An diesem Pult kann er unwiderstehlich sein. Nimmt Fühlung mit dem Saal auf und redet sich im Wechselspiel mit dem Publikum in einen Rausch. Dosiert das Gas. Tritt mal durch. Nimmt mal Fahrt raus. So war das immer. Einmal in Mannheim 1995, hat er mit so einer Rede und dieser Gabe einen SPD-Parteivorsitzenden weggeputscht. „Ihr seht also, liebe Genossinnen und Genossen, es gibt noch Politikentwürfe, für die wir uns begeistern können!“, rief er in den Saal. Am nächsten Tag verlor Rudolf Scharping das Vorsitzendenamt und musste es an Lafontaine abtreten.
Seine Stimme ist zu Beginn belegt, seine Artikulation verwaschen, die Zunge etwas schwer. Seine Frau und andere hätten ihn gebeten, auf diesem Parteitag zu sprechen. Das könnte doch der Oskar Lafontaine machen – sprechen, während für die Europaliste ausgezählt werde. „Und wenn die Frau das sagt, dann macht der Saarländer das“, witzelt Lafontaine zur Freude des Saals.

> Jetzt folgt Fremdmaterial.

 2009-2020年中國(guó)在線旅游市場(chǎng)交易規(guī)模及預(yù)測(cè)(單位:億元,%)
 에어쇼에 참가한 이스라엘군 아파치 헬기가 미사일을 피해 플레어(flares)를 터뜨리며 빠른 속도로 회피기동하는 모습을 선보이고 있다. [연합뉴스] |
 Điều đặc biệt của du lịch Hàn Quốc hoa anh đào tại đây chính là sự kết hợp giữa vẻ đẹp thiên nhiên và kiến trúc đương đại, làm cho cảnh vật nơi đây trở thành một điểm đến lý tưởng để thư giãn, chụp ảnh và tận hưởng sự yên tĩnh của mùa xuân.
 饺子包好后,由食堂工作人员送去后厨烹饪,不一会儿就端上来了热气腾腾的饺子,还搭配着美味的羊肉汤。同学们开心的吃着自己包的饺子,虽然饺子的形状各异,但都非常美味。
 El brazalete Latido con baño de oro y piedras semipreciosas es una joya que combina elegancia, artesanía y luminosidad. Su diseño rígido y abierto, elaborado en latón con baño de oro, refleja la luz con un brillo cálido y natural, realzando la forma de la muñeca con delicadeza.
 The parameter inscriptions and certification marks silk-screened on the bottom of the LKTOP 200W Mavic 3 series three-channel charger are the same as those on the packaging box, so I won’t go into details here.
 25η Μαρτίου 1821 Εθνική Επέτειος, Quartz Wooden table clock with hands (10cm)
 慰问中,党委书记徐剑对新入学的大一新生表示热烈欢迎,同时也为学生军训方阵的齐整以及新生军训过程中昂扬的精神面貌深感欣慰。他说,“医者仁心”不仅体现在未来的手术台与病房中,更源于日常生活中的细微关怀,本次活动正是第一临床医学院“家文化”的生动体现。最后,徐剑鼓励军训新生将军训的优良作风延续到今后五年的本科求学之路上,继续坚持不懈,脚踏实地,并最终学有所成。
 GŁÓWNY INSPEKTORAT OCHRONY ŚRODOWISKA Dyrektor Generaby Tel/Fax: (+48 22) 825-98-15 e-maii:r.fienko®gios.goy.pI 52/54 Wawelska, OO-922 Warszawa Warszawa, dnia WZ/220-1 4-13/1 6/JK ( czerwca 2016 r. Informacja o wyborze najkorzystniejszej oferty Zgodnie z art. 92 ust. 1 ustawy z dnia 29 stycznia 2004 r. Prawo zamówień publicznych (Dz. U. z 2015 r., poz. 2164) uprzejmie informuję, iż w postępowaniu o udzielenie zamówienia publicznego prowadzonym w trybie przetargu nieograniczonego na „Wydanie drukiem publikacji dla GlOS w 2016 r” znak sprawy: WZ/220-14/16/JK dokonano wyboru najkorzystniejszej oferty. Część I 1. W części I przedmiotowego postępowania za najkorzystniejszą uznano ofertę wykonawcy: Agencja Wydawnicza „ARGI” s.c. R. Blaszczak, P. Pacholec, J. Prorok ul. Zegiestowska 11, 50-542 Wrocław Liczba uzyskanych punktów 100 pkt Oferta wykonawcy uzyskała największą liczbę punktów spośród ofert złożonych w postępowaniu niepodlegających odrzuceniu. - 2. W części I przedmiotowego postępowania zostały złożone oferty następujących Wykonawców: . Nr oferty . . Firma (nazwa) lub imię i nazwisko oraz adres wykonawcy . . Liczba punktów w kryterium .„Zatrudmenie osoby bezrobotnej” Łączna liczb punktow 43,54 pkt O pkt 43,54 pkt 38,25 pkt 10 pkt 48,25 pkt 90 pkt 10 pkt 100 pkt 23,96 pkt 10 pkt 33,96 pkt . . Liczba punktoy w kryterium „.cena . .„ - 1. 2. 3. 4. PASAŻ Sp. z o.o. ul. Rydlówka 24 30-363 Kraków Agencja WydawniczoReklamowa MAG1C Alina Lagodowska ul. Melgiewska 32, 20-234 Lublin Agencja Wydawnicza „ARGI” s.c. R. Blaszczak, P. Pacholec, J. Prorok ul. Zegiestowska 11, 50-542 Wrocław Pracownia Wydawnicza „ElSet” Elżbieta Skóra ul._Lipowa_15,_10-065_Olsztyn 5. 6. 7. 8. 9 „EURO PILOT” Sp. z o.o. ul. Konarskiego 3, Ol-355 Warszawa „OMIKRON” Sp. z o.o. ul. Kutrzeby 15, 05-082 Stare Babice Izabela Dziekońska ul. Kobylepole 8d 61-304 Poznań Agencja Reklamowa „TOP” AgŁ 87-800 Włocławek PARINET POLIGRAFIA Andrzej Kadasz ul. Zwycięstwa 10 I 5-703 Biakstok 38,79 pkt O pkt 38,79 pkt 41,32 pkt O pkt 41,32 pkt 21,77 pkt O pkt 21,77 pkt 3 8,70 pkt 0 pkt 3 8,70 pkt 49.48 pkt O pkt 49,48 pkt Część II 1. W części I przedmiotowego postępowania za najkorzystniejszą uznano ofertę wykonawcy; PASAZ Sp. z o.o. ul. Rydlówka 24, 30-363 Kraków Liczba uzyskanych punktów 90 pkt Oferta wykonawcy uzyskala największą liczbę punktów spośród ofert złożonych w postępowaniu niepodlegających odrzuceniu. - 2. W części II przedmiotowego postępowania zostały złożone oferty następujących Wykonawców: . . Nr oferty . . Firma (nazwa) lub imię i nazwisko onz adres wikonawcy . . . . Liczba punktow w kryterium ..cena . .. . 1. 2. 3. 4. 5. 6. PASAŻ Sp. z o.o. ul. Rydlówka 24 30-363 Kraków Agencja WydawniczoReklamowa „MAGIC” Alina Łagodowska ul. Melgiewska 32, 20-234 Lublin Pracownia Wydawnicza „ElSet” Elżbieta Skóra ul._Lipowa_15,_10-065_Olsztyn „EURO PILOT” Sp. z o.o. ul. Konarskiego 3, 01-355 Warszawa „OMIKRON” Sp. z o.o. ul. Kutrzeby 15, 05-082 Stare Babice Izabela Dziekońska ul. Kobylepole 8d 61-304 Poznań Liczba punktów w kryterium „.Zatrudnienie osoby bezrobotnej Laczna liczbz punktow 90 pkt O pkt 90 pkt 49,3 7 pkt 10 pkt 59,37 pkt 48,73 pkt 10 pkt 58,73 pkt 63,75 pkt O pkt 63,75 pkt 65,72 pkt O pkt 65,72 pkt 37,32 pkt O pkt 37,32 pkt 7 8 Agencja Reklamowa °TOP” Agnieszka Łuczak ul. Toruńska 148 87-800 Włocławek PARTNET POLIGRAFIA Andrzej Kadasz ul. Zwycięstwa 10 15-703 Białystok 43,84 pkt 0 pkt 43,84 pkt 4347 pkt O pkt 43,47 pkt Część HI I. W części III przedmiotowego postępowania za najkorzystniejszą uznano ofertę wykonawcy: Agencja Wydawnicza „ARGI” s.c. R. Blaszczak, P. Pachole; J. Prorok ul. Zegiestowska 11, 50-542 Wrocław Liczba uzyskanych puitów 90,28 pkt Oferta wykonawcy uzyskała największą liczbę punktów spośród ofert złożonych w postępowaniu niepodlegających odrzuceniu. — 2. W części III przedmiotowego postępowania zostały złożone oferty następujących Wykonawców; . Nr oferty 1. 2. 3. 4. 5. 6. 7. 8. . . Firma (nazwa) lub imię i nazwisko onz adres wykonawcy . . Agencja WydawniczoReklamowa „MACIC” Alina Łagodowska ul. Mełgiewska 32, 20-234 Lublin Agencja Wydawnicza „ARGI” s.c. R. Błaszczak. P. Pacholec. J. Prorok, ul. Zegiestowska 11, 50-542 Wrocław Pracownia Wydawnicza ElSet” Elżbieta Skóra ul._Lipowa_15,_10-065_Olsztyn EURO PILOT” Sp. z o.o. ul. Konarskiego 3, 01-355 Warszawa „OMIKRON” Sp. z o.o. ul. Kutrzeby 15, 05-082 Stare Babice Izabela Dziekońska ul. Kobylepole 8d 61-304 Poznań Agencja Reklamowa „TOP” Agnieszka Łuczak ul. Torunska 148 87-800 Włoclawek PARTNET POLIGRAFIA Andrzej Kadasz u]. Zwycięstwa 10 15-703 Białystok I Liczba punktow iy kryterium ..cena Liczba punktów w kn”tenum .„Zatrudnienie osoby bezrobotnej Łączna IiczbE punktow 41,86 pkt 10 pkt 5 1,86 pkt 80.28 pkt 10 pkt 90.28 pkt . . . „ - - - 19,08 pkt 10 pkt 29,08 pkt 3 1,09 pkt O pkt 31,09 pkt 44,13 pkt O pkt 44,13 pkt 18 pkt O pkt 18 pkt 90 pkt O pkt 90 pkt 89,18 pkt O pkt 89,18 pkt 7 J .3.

Er sei gefragt worden: Das sei ja nun schon die dritte Partei, für die er tätig werde. „Ist das denn jetzt die letzte?“ Und Lafontaine, er kommt langsam in Fahrt, führt aus, dass er die bisherigen Vereine, die SPD und die Linke verlassen habe, weil diese ihre eigenen Grundsätze verlassen hätten. Er führt an, sogar die „Zeit“, nicht eben das Verlautbarungsorgan des BSW, schreibe, dass es eine Lücke für diese Partei gebe. Gute Löhne: Da müsse es doch eine Partei geben, die diese Aufgabe erfüllt!“ Zum zweiten eine Partei für Frieden und Abrüstung „gegen alle anderen, die für Krieg und Aufrüstung sind!“
Er kommt in Fahrt, genießt den regelmäßigen Beifall, der seine Rede begleitet. Lafontaine verwebt Populismus und bildungsbeflissene Verweise an die alten Griechen und deren Stadtstaat, die Polis. Als Hinweis darauf, dass diese Demokratie in Gefahr ist, wenn die Leute auf die Straße gehen, weil sie ihre Interessen in der Politik nicht mehr vertreten sähen.

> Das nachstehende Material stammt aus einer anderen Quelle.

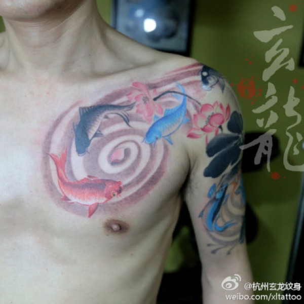 一款精美潮流的半胛水墨莲花鲤鱼纹身图案_鲤鱼纹身图案大全_纹身图吧
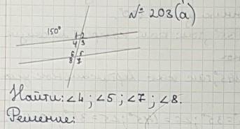 Ответ кут 4 = 150°. Кут 5 = 150°. Кут 7 =30°. Кут 8 = 150°
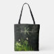 Black white wildflowers monogram name script tote bag
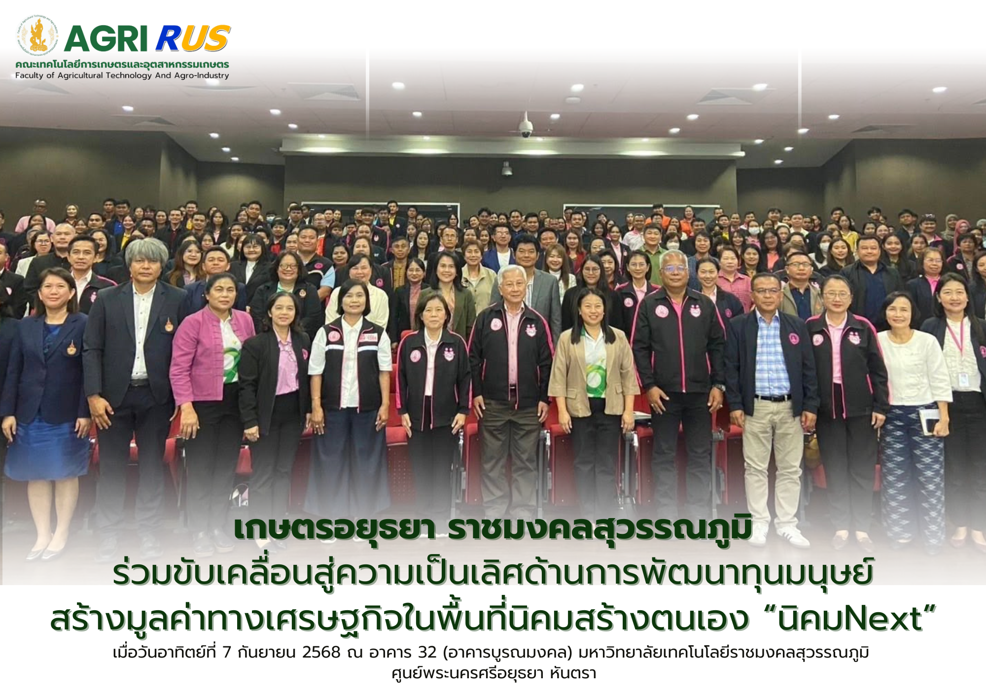 เกษตรอยุธยา ราชมงคลสุวรรณภูมิ ร่วมขับเคลื่อนสู่ความเป็นเลิศด้านการพัฒนาทุนมนุษย์ สร้างมูลค่าทางเศรษฐกิจในพื้นที่นิคมสร้างตนเอง “นิคมNext”
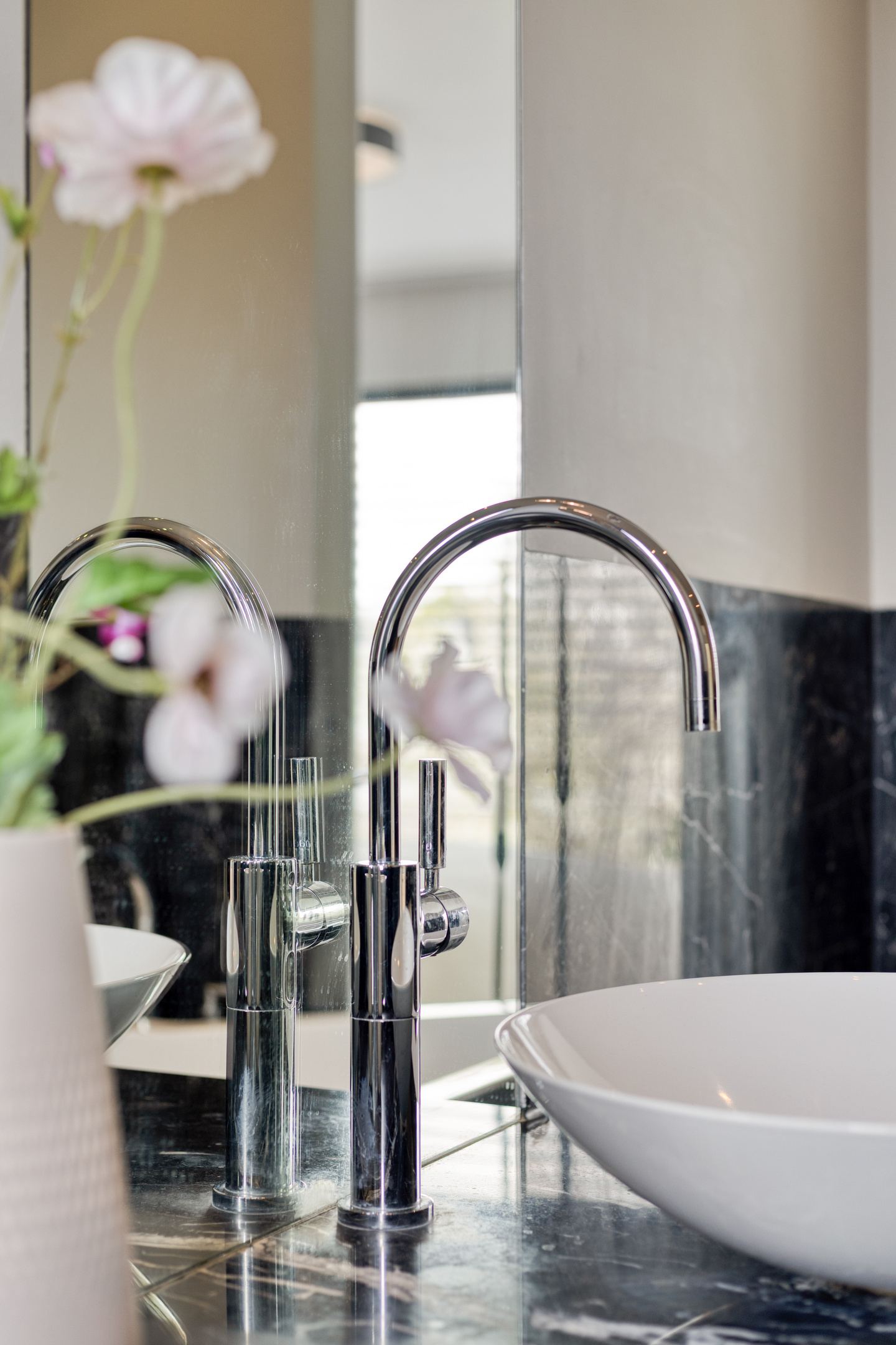 • Grote spoelbak in het werkblad met Grohe Blue bruiswaterkraan.
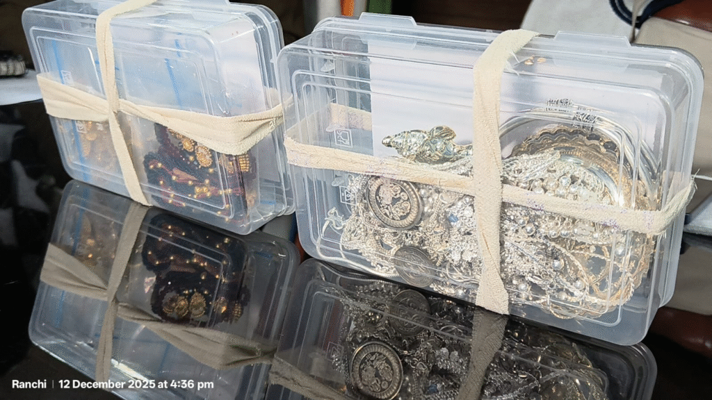 दिनांक 08.12.2025 को निलय प्रकाश, पता जयप्रकाश नगर बूटी मोड़ थाना सदर जिला राँची अपनी पत्नी के साथ डी.ए.वी. बरियातु के पास स्थित बैंक ऑफ इण्डिया, शाखा गये थे तथा अपने लॉकर में रखे जेवरात को निकालकर अपने चारपहिया वाहन से घर आ रहे थे, जब वे अपने घर के गेट पर पहुँचे तो उनकी पत्नी जेवर का बैग कंधे में रखे हुए अपने घर का गेट खोलने लगी ताकि उनके पति कार को घर के अन्दर ले जा सके, इसी दौरान एक मोटरसाईकिल पर सवार दो व्यक्ति अचानक से उनकी पत्नी के कंधे पर लटकाये बैग को झपट कर भाग गये, जिसके पश्चात निलय प्रकाश द्वारा इस घटना की सूचना सदर थाना को दिया गया जिसपर सदर थाना काण्ड सं0-596/25, दिनांक 08.12.2025 धारा 304(2)/74/76/126(2) /115(2)/117(2)/109(1)3(5) BNS मोटर साईकिल सवार दो अज्ञात के विरूद्ध दर्ज किया गया। श्री राकेश रंजन, (भा.पु.से.), वरीय पुलिस अधीक्षक, राँची द्वारा छिनतई की घटनाओं के संबंध में लगातार दिये जा रहे निर्देश के आलोक में छिनतई के काण्डों को त्वरित उदभेदन हेतु श्री पारस राणा, (भा.पु.से.) पुलिस अधीक्षक, नगर राँची के नियंत्रण में पुलिस उपाधीक्षक, सदर रॉची के नेतृत्व में एक विशेष टीम का गठन किया गया। विशेष टीम द्वारा तकनीकी शाखा से लगातार संपर्क में रहकर तकनीकी अनुसंधान के क्रम में कोढ़ा गैंग की संलिप्तता की आसूचना प्राप्त हुई। जिसके पश्चात पु.नि. सह थाना प्रभारी, सदर थाना के नेतृत्व में एक टीम को आसूचना का सत्यापन एवं आवश्यक कारवाई हेतु कटिहार भेजा गया। छामापारी दल के द्वारा स्थानीय थाना के सहयोग से त्वरित कारवाई करते हुए आसूचना के आलोक में ग्राम जुराबगंज, थाना कोढ़ा, जिला कटिहार (बिहार) स्थित रामकुमार यादव के घर पर दबिश देते हुए घर की तालाशी ली गयी। घर की तलाशी के दौरान घटना में छिनतई हुए सभी जेवरातों (सोना-425 ग्राम एवं चाँदी 450 ग्राम, जिसका मूल्य करीब 55-60 लाख रूपये) को बरामद किया गया है घटना में संलिप्त अभियुक्त रामकुमार यादव एवं अन्य की पहचान की गयी है, गिरफ्तारी हेतु छापामारी की जा रही है।

Die Aufmerksamkeit des Saales tut ihm sichtbar gut, wirkt wie ein Jungbrunnen. Zuletzt war es ruhig geworden um den großen Gescheiterten der deutschen Nachkriegspolitik. Zu seinem 80. Geburtstag im vergangenen September hatte er ein paar handverlesene Journalisten zu Hause in Saarbrücken empfangen, aber nur die, die er einigermaßen leiden kann. Viele waren es nicht. Er kann nicht mehr viele leiden im politisch-publizistischen Komplex. Er ist der Moby Dick der deutschen Politik. Verletzt, verbittert. Aber immer noch ein unverwechselbarer weißer Wal. Der, wenn er bläst, diejenigen in den Bann ziehen kann, die das miterleben.